Using this module, Speasy can seamlessly retrieve data from the specified data archive, leveraging predictable file names and paths within the archive. By adhering to the ISTP standards, Speasy ensures compatibility and smooth data access.

This module supports both regularly split files (one file per day for example) and randomly split files such as burst data.

To add your favourite products into Speasy, you need to add or edit an yaml file either located in Speasy lookup path, default user lookup path can be retrieved with spz.webservices.generic_archive.user_inventory_dir(). You need to add an entry per dataset with the following information:

  • For a regularly split dataset, you can configure it using the following YAML structure:

tha_efi:
  inventory_path: cdpp/THEMIS/THA/L2
  master_cdf: http://cdpp.irap.omp.eu/themisdata/tha/l2/efi/0000/tha_l2_efi_00000000_v01.cdf
  split_frequency: daily
  split_rule: regular
  url_pattern: http://cdpp.irap.omp.eu/themisdata/tha/l2/efi/{Y}/tha_l2_efi_{Y}{M:02d}{D:02d}_v\d+.cdf
  use_file_list: true
Here’s an explanation of the parameters::
  • tha_efi: The name you want to assign to your dataset.

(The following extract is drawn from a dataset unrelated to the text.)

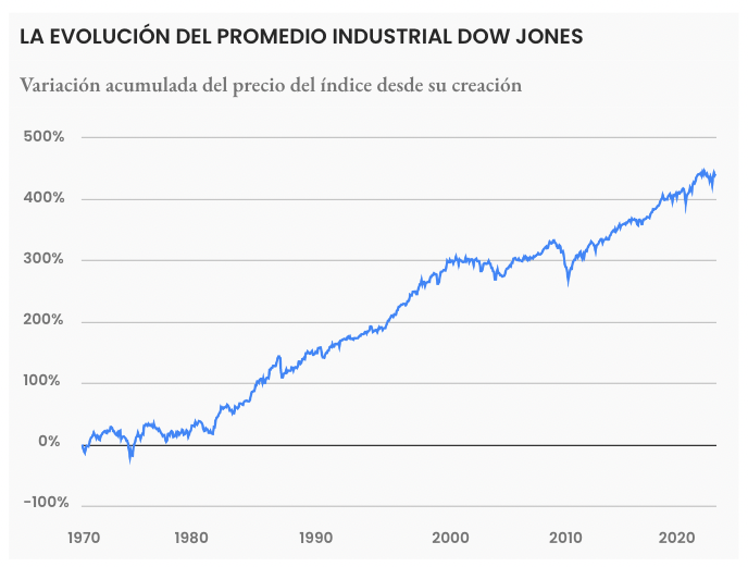 A finales del siglo XIX, Charles Henry Dow, un periodista estadounidense, se dio cuenta que el precio de las principales empresas de Estados Unidos se movía bastante al unísono. Después de graficar sus movimientos y ver que, efectivamente se movían en conjunto, decidió crear un promedio ponderado de sus precios al que llamó índice de Dow Jones (o Promedio Industrial Dow Jones). Charles había creado, 7 años antes, el Wall Street Journal. Un pionero en simplificar la información financiera.
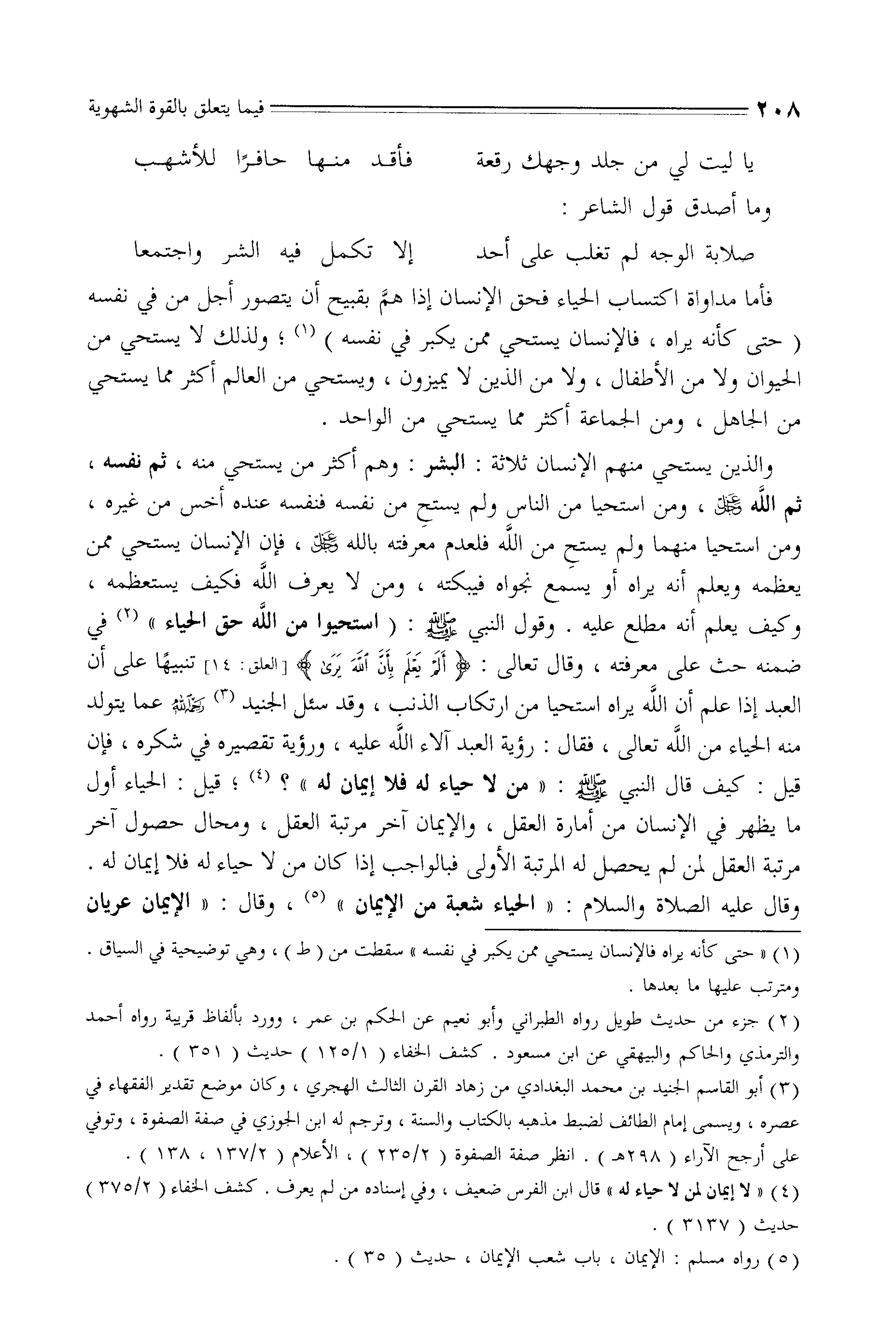 وقول النبي - صلى الله عليه وسلم -: (استحيوا من اللَّه حق الحياء " في

  • inventory_path:: The desired inventory path for your dataset. In this example, it can be found in spz.inventories.data_tree.archive.cdpp.THEMIS.THA.L2.tha_efi.

  • master_cdf:: The URL or path to download a master CDF or any sample CDF for this dataset. Speasy requires it to complete the inventory with the dataset’s data variables. It is recommended to use master CDFs as they contain sufficient information while being smaller in size.

  • split_frequency:: The frequency at which your dataset is split. For example, if you have one file per day, month, or year. Allowed values are daily, monthly, yearly.

  • url_pattern:: The URL pattern to access each file. When requesting data within a specific interval, Speasy utilizes the split_frequency to determine the number of files to download and replaces the date/time information accordingly. It uses python {} format syntax, and available date/time placeholders are year (Y), month (M) and day (D) are available. You can also utilize Python regular expressions if you are unable to predict certain parts of the file name, such as the file version, but you have set use_file_list to true.

  • use_file_list:: If set to true, Speasy lists the files in the specified directory after generating the URL based on the url_pattern. It then selects the last matching file.

  • For a randomly split dataset, you can configure it using the following YAML structure:

mms2_fpi_brst_l2_des_moms:
    url_pattern: 'https://cdaweb.gsfc.nasa.gov/pub/data/mms/mms2/fpi/brst/l2/des-moms/{Y}/{M:02d}/mms2_fpi_brst_l2_des-moms_{Y}{M:02d}\d+_v\d+.\d+.\d+.cdf'
    use_file_list: true
    master_cdf: "https://cdaweb.gsfc.nasa.gov/pub/software/cdawlib/0MASTERS/mms2_fpi_brst_l2_des-moms_00000000_v01.cdf"
    inventory_path: 'cda/MMS/MMS2/FPI/BURST/MOMS'
    split_rule: "random"
    split_frequency: "monthly"
    fname_regex: 'mms2_fpi_brst_l2_des-moms_(?P<start>\d+)_v(?P<version>[\d\.]+)\.cdf'
Here’s an explanation of the parameters::
  • mms2_fpi_brst_l2_des_moms: The name you want to assign to your dataset.

  • inventory_path:: The desired inventory path for your dataset. In this example, it can be found in spz.inventories.data_tree.archive.cda.MMS.MMS2.FPI.BURST.MOMS.mms2_fpi_brst_l2_des_moms.

  • master_cdf:: The URL or path to download a master CDF or any sample CDF for this dataset. Speasy requires it to complete the inventory with the dataset’s data variables. It is recommended to use master CDFs as they contain sufficient information while being smaller in size.

  • split_frequency:: The frequency at which folders are is split for this dataset. For example, if you have one folder per day, month, or year. Allowed values are daily, monthly, yearly.

  • url_pattern:: The URL pattern to access files covering the current time range. When requesting data within a specific interval, Speasy utilizes the split_frequency to determine the number of folders to scan and replaces the date/time information accordingly. It uses python {} format syntax, and available date/time placeholders are year (Y), month (M) and day (D) are available. With randomly split datasets, it is important to ensure that the URL pattern includes the fixed and deterministic parts and rely on the fname_regex field to match files that cover the requested time range.

  • use_file_list:: If set to true, Speasy lists the files in the specified directory after generating the URL based on the url_pattern. It then selects the last matching file.

  • fname_regex: This regular expression is used to extract information such as the start date, stop date, and file version from the file names. It follows Python’s regular expression syntax and captures specific groups. The expected or supported groups are:
    • start: Start date, it should be parsable by dateutil.parser.parse (mandatory)

    • stop: Stop date, same as start date (optional)

    • version: Dataset version (optional)